Stuart Payne's blog on logistics.
It's a feature of old age that one's children's professional activity in completely incomprehensible worlds begins to eclipse one's own feeling of general social competence; I was never sure what logistics (you see it on the sides of lorries) was in general before my son got a job doing it, and I'm still not sure what he actually does; my mother had the same problem about social work. But I see from the blog that the old Sony telly that we used to watch a quarter of a century ago has formed his retail decision-making, so obviously parental behaviour does have long-term implications. It seems that modern domestic equipment, marvellous though it is in so may ways, is just too complicated even for younger people nowadays to keep up with. This is a sign of the rigidities of old age strike ever younger because today's world is so unnecessarily complicated.

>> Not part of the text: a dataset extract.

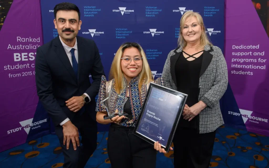 Out of 330,000 entrants across 6 categories, our student, Eva Roche, won First place for the Vocational Education for International Students category. Eva’s background story, her current studies for Advanced Diploma of Civil Construction Design, and active paid work in the industry plus volunteer work recognised her efforts out of thousands. Her volunteer work in her community and the Civil Construction Design industry will see her achieve great goals. We congratulate Eva Roche as an inspiring leader.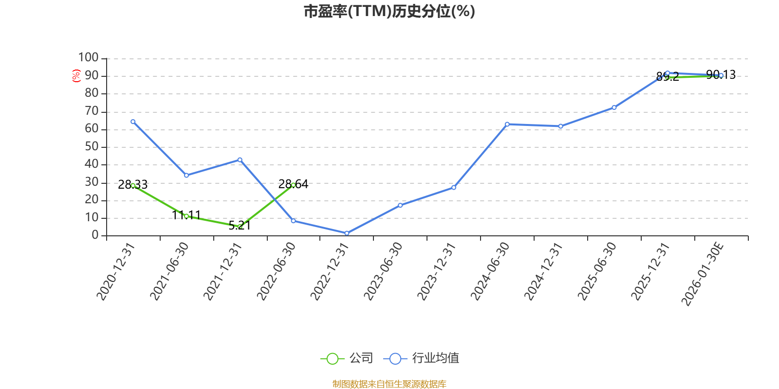 以本次披露业绩预告均值计算,公司近年市盈率(TTM)图如下所示:

I might worry that this why I've had to take so much stuff back after Christmas. But no, as I said to the young man who said he could help me with my wife's new gadget, it's not that I don't know how to make it work, because I can make my own work. It's just that because modern technology can, modern technology does and then it's made itself too complicated to work
Wednesday, 9 January 2013
Fuel poverty kills vulnerable people, including older people
I came across an intriguing report about fuel poverty among
older people (and other vulnerable people), written in 2011 for Friends of the
Earth, the environmental charity, by Sir Michael Marmot. You may wonder why FoE
are doing stuff on fuel poverty: their website connects this with energy efficiency
contributing to a good relationship between humanity and the environment. You
may also wonder how Marmot (a public health medic) comes to be writing all this
stuff: of course he doesn’t, he has a team paid for by sucking up research
grants from organisations which very broadly fit within his main research theme
that tackling health inequalities is a crucial part of improving health
nationally and internationally. Presumably, he looks at what they are doing and
so his signature on the report gives it added credibility.

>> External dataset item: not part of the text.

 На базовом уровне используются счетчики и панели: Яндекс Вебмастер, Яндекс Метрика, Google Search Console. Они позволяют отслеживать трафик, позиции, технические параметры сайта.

It’s mainly a literature review, and it collects up some
very interesting figures. Among them, is this graph, which shows the excess
deaths in different years from 1999 to 2010 due to cold. The point is that, particularly
for older and other vulnerable people, cold is a real health hazard, and
therefore fuel poverty is an important issue. The NHS spends a lot of money treating
people for disease caused by poor heating in private sector housing, according
the a quotation from the Chief Medical Officer of the Department of Health in
the FoE report.
You are in fuel poverty if you spend more than 10% of your disposable
income on heating and lighting. There are three reasons for getting into fuel
poverty. Obviously one is how rich your household is; the rich can afford their
fuel. The other two are the cost of fuel and how well-insulated your house is.